Make check resumable

There is already a pull request #3425 for “Make restore resumable” and issue #407, but nothing for check.

Even more urgent from my perspective is that restic check --read-data is not started from the beginning after an interruption, because restic check surely happens more often than restic restore and a check of a repository takes longer than a restore of a snapshot.

What is your opinion?

  • Is “resumable check” already planned?
  • Should I create a feature request (enhancement)?

After about 40 hours “read all data” (43%) I got the message:

restic : subprocess ssh: client_loop: send disconnect: Connection reset
unable to refresh lock: ssh command exited: exit status 255

as well as several variants of:

Load(<data/…>, …, 0) returned error, retrying …: ReadFull: connection lost
pack … failed to download: StreamPack: connection lost

and at the end:

[40:12:53] 42.90% 31460 / 73325 packs
error while unlocking: ssh command exited: exit status 255 Fatal: repository contains errors

Sounds like you need to fix the connectivity issues you have there…

Meanwhile, making use of the --read-data-subset option to check might be useful!

Backups are important, even in an imperfect world with connectivity issues.
Please ignore the 2nd part (“After about 40 hours …”) of my original post.

Does it make any sense to use the --read-data-subset option to check the next part after a new backup was made?

I’m doing this right now. About 20% is checked in 24 hours. Normally a backup is made every day.

If restic would store the check results in its cache, the check could be resumed after the next backup.

Proposal:

  • restic check stores check results in its local cache and in a resume run it checks everything that was not checked before.
  • A command to reset the test results in the local cache would be required to start over.

Yes. Many users do this, and the point of this subset option is to check smaller parts of the repository more often, in order to cover it all without having to do it all in one go.

What values are you using for that option? Did you just split it in five total pieces?

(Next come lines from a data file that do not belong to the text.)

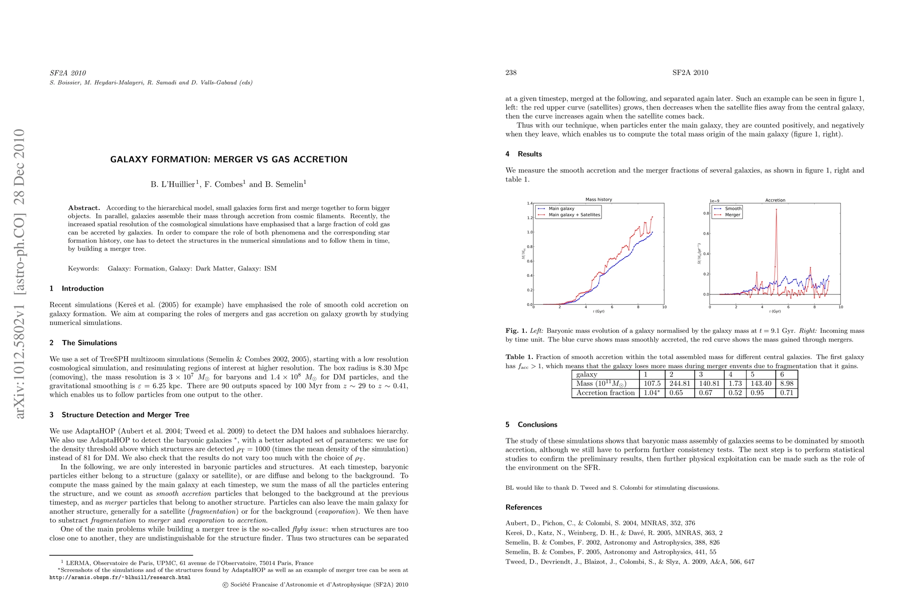 According to the hierarchical model, small galaxies form first and merge together to form bigger objects. In parallel, galaxies assemble their mass through accretion from cosmic filaments. Recently, the increased spatial resolution of the cosmological simulations have emphasised that a large fraction of cold gas can be accreted by galaxies. In order to compare the role of both phenomena and the corresponding star formation history, one has to detect the structures in the numerical simulations and to follow them in time, by building a merger tree.
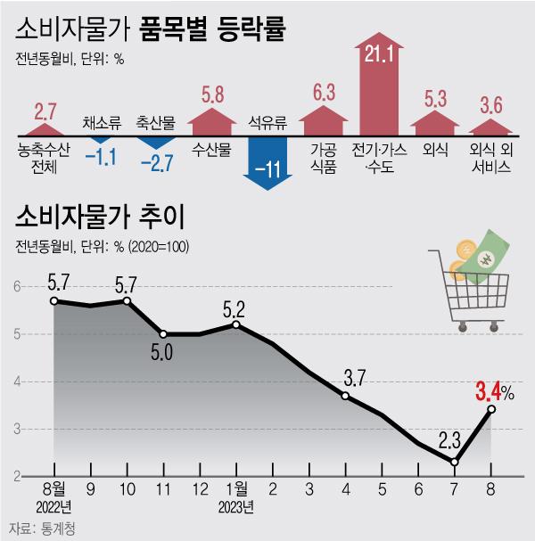 Åë°èûÀÌ 5ÀÏ ¹ßÇ¥ÇÑ ¡®8¿ù ¼ÒºñÀÚ¹°°¡ µ¿Ç⡯¿¡ µû¸£¸é Áö³´Þ ¼ÒºñÀÚ¹°°¡Áö¼ö´Â 112.33(2020=100)À¸·Î 1³â Àüº¸´Ù 3.4% ¿Ã¶ú´Ù. ÀÌ´Â Áö³ 4¿ù(3.7%) ÀÌÈÄ 4°³¿ù ¸¸¿¡ ÃÖ´ë »ó½ÂÆøÀÌ´Ù.
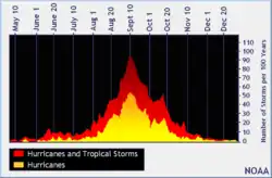 - ^ NOAA. Graph showing average activity during the hurricane Season. Retrieved on 2006-10-28.
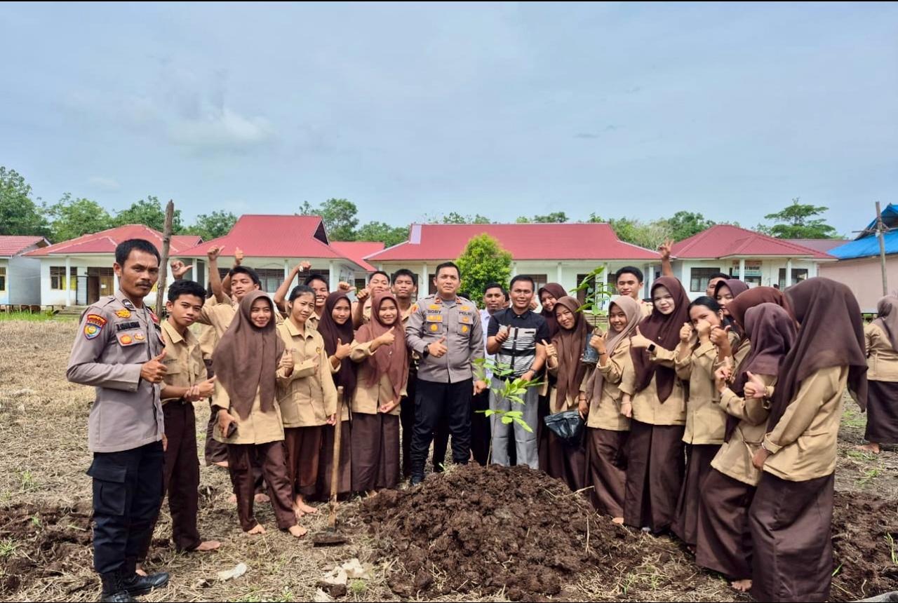 Polsek Teluk Meranti melaksanakan kegiatan penanaman bibit pohon di halaman SMA Negeri 3 Teluk Meranti, Desa Kuala Panduk, Kecamatan Teluk Meranti, Senin (9/2/2026) pagi.

I would suggest many more pieces so each subset check run completes faster.

@TorstenC Could it be that you are basically looking for a check which would be able to run parallel to backup runs?

Yes, that’s right, now we got to the point. Thanks for clarification.

Hope it’s not too much off-topic, but you can run rustics check parallel to restic backup runs on a repository. It performs the identical checks as restic check and does not lock the repository as rustic is generally designed for lock-free operations.
You might however get some pack {id} not referenced in index. Can be a parallel backup job. warnings.

Yes, it ist possible to check random subsets.

It would be more reassuring and reliable if restic would not find an error by chance,
but if it could say at the end: 100% checked!

To this purpose, the following idea or proposal:

  • restic check stores check results in its local cache and the next subset is determined from the parts for which there are no check results yet.

Before you are talking about “100% checked”, you should try to define which kind of errors you would like check to detect.

The point is that the repository format is quite robust. A restic backup only adds new files to a repository and therefore cannot change already-backuped data. There are lots of checksums and integrity checks (also when running backup) which allow to detect changed data and even some self-healing can be achieved by the backup command. When backup or other commands save some repo files, they are saved in a way to hold integrity constraints, so even aborted command would not lead to a corrupted repo.

So, the main question is which error scenarios you would like to check:

  • Errors in the storage? (like bitflips)?
  • Errors when transmitting the data to the storage (wich may e.g. lead to truncated files)?
  • Errors in CPU/memory which might create invalid data?
  • Software errors in restic which might make restic work wrong in some (untested) cases?

Note that some of the above errors might even occur just after your check run reported “100% checked”…

Thanks for the examples on the error scenarios.

The --read-data flag tells Restic to verify the integrity of the pack files in the repository.

It may even happen that a pack file in a first subset is corrupted during the verification of the second subset. Also in this case, “100% checked” would be reported.
The error would be reported in a next check run after a reset of all test results.

Discussion 1:
Does it generally make sense to verify the integrity of pack files?

Discussion 2:
Do we need an option to check 100%, even if new pack files are generated during the check process?

In my opinion, Restic should be able to find errors not only by chance, but shhould be able to say at the end: 100% checked!

Does it generally make sense to verify the integrity of pack files?

Definitely. Without checking the pack files you may not have a backup.

Do we need an option to check 100%, even if new pack files are generated during the check process?

Restic creates an exclusive lock when a check is in progress. This prevents the repository being modified until the check has finished.

Ideally, the storage system uses some form of erasure encoding to ensure that the stored files are not corrupted. Then check primarily has to check that the host that created a backup did not upload corrupted data. In that combination it would indeed be possible to check each pack file only once (although that would need some way to ensure that the pack file is actually read from storage and not from some cache somewhere in the system).